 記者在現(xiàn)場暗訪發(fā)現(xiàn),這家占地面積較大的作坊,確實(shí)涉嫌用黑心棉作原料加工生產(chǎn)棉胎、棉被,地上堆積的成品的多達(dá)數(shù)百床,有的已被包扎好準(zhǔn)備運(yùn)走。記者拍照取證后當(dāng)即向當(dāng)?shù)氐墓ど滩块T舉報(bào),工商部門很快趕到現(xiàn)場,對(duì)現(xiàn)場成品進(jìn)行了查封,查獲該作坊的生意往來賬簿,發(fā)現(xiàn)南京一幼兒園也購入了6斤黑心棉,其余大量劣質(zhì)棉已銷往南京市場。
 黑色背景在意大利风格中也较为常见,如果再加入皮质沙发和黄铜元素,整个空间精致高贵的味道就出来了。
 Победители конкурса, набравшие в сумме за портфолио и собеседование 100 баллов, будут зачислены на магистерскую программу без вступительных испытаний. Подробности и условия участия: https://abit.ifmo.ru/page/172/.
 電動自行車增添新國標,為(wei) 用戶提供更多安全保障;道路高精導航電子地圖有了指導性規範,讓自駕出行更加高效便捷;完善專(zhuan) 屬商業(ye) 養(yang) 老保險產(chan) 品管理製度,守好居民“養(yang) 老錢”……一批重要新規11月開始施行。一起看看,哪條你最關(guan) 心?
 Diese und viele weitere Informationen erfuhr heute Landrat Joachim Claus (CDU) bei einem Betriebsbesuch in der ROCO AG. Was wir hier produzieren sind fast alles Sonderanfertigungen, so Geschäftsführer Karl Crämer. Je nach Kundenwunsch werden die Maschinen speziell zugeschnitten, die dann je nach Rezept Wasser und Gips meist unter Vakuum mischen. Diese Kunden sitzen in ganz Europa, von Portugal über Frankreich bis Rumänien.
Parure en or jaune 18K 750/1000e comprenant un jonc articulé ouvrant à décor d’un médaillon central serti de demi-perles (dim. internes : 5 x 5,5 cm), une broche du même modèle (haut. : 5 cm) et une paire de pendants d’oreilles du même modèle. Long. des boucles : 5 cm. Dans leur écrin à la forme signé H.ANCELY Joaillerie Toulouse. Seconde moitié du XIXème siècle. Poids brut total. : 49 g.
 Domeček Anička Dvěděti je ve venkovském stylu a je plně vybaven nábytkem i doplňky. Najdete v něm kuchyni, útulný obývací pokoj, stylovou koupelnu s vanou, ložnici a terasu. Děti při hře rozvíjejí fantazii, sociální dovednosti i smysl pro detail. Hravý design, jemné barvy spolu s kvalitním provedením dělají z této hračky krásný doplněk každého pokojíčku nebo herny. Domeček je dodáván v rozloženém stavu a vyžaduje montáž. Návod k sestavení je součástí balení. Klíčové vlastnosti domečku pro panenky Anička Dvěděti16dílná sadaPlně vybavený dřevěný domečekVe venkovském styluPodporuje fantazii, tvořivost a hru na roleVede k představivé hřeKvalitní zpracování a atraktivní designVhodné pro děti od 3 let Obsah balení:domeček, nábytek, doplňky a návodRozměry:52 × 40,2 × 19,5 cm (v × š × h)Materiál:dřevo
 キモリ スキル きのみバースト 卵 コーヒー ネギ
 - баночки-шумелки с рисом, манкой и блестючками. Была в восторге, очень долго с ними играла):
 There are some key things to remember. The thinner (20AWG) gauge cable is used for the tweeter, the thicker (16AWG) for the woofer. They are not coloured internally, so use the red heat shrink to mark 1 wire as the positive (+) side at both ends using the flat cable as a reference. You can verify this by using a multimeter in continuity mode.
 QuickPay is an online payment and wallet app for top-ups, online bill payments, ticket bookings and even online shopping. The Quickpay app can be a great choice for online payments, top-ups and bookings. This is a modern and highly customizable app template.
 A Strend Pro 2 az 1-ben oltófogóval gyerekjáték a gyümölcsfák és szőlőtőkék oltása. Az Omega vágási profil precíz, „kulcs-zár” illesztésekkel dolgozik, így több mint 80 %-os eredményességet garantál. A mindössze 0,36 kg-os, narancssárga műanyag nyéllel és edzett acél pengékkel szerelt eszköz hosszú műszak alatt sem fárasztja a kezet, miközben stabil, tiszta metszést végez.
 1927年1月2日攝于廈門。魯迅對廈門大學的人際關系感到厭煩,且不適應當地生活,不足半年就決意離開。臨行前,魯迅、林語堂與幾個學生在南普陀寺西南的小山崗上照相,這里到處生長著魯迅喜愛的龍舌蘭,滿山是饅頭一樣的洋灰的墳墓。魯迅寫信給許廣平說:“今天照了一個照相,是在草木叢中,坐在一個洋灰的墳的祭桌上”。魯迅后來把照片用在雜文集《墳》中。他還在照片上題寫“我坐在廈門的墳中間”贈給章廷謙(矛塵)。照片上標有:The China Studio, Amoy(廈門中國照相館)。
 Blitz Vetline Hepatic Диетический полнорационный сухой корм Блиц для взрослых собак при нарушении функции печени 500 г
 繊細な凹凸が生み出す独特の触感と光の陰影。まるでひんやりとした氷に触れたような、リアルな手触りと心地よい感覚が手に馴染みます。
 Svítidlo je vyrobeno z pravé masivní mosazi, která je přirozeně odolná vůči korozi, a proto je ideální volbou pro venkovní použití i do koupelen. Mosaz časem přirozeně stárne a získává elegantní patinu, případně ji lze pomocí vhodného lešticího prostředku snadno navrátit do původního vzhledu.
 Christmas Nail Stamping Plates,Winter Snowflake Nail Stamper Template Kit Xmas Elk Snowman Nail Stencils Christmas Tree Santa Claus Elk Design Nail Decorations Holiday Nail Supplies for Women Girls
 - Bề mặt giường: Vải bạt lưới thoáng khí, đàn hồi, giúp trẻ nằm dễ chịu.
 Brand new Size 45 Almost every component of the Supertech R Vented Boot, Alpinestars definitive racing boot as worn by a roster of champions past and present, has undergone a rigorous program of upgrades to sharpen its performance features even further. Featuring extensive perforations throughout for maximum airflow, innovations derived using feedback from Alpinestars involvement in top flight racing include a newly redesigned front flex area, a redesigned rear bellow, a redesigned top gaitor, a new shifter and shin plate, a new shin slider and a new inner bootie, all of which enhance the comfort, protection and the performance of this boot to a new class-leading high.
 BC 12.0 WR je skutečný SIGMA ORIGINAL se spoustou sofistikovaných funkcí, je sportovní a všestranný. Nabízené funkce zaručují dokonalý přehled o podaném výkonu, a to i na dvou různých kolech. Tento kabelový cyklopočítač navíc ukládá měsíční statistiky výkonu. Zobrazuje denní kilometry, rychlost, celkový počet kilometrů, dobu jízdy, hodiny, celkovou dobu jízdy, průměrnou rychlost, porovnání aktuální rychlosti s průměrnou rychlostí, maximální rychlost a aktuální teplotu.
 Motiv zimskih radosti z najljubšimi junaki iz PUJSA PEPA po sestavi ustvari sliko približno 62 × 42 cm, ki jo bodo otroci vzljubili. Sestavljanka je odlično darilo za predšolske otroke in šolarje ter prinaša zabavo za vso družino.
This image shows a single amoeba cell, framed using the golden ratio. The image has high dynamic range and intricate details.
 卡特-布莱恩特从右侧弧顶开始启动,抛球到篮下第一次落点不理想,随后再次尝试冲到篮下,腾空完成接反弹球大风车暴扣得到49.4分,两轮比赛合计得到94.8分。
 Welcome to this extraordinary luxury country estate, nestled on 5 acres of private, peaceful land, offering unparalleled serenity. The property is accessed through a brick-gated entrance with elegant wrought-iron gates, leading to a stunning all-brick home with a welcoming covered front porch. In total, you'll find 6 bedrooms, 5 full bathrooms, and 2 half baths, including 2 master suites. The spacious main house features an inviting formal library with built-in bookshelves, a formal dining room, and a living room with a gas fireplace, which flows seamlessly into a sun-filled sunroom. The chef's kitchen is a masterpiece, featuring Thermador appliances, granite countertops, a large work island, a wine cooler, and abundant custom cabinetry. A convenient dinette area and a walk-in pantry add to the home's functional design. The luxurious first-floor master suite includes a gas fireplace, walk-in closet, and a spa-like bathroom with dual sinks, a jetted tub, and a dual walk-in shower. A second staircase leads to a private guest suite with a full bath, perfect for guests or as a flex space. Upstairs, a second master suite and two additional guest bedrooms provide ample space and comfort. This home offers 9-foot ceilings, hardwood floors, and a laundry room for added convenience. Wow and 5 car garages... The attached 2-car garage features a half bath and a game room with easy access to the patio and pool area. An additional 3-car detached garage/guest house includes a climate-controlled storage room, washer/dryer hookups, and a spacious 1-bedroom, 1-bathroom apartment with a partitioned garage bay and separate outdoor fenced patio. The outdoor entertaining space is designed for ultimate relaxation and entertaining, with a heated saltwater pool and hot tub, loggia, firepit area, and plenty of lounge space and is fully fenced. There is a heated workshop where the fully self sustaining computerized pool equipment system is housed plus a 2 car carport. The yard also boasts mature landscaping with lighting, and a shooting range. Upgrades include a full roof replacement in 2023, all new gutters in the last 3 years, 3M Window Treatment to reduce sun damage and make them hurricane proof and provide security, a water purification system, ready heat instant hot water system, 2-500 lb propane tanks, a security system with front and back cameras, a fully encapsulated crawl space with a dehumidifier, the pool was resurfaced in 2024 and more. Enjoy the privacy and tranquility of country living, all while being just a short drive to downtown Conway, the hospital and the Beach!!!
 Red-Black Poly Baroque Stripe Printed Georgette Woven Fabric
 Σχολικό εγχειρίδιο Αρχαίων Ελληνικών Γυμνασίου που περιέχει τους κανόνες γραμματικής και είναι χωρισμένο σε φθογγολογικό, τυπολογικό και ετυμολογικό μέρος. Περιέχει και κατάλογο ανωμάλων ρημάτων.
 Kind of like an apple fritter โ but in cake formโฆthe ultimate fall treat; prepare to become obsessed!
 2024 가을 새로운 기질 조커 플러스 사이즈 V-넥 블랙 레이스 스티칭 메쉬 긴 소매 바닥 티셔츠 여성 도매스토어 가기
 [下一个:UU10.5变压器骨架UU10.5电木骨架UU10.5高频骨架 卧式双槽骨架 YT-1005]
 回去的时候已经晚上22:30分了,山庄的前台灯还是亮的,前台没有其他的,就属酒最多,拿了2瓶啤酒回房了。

**Work item:** Using the data above, transcribe the lines that run from the line with "繊細な凹凸が生み出す独特の触" to the line with "- Bề mặt giường: Vải", both ends kept, and output nothing else.

**Result:**
 繊細な凹凸が生み出す独特の触感と光の陰影。まるでひんやりとした氷に触れたような、リアルな手触りと心地よい感覚が手に馴染みます。
 Svítidlo je vyrobeno z pravé masivní mosazi, která je přirozeně odolná vůči korozi, a proto je ideální volbou pro venkovní použití i do koupelen. Mosaz časem přirozeně stárne a získává elegantní patinu, případně ji lze pomocí vhodného lešticího prostředku snadno navrátit do původního vzhledu.
 Christmas Nail Stamping Plates,Winter Snowflake Nail Stamper Template Kit Xmas Elk Snowman Nail Stencils Christmas Tree Santa Claus Elk Design Nail Decorations Holiday Nail Supplies for Women Girls
 - Bề mặt giường: Vải bạt lưới thoáng khí, đàn hồi, giúp trẻ nằm dễ chịu.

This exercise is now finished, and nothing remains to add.